One of the leaders of the AFM church, based in South Africa, has argued that the problems we see today are because Christians are looking for ‘instant fixes’ to their problems. “The abuse we see today is a simple act of indoctrination, which thrives on the believer’s ignorance.

Hosea says “My people perish due to lack of knowledge” and religious leaders feed on that. Leaders thrive on keeping the masses uniformed and lead them astray. People have decided to “love” God not for who/what He is but for what He can do for them. They are too lazy to live righteously and pray for themselves. They would rather go to a miracle worker who gives “instant” results without so much effort. And the so-called miracle or ‘magic’ workers feast on this,” he said.

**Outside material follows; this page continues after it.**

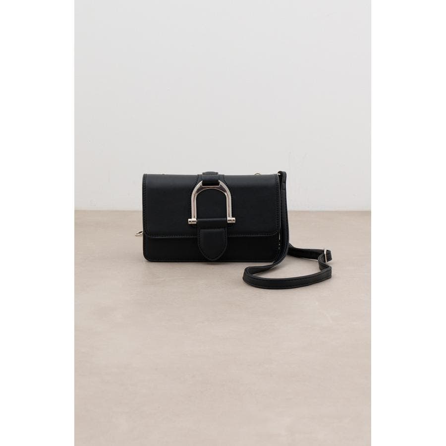 ■商品ディティール 財布とショルダーバッグが一体化していて、これひとつでお出掛けが叶う機能的なバッグです。マットな合皮に目を惹く大きなメタルパーツが施されたフラップデザインが高級感を演出してくれます。ベーシックで合わせやすいブラックとグレージュに、これからのシーズンのアクセントにぴったりなライトブルーの3カラー展開。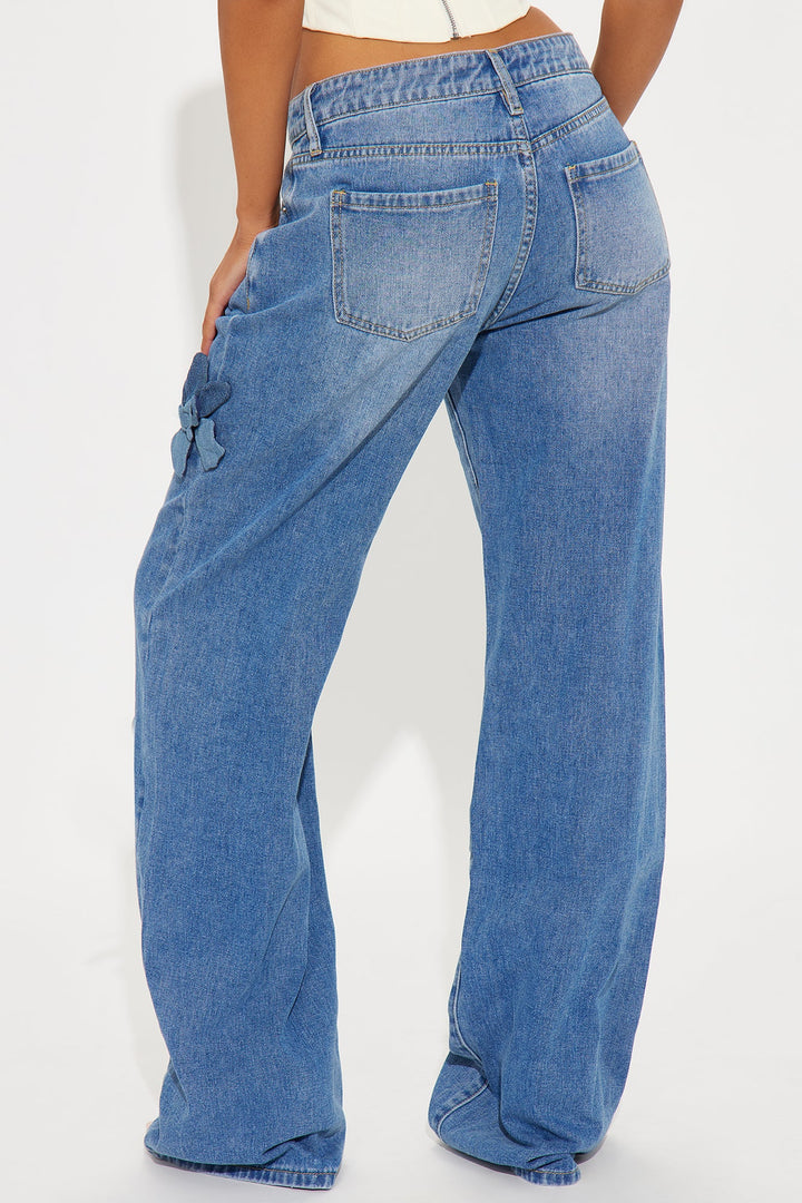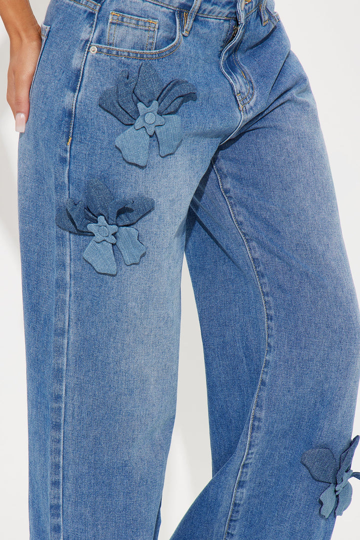 Tall Floria Baggy Flower Applique Jeans - Medium Wash

Until and unless we know why we go to church, there will be predators lurking in the shadows, waiting to prey upon unquestioning, uncritical and gullible believers. Unfortunately, the pulpit has been overtaken by some rogue elements. and the time to follow a pastor or ‘prophet’ blindly may be long gone.

We need to snap out of that naïve, foolish state of mind that believes that a mere mortal is a demi-god. When we do, we will open our eyes to the unacceptable sexual abuse taking place right under our noses by some opportunistic criminal elements that we have wrongly idolized as ‘prophets’.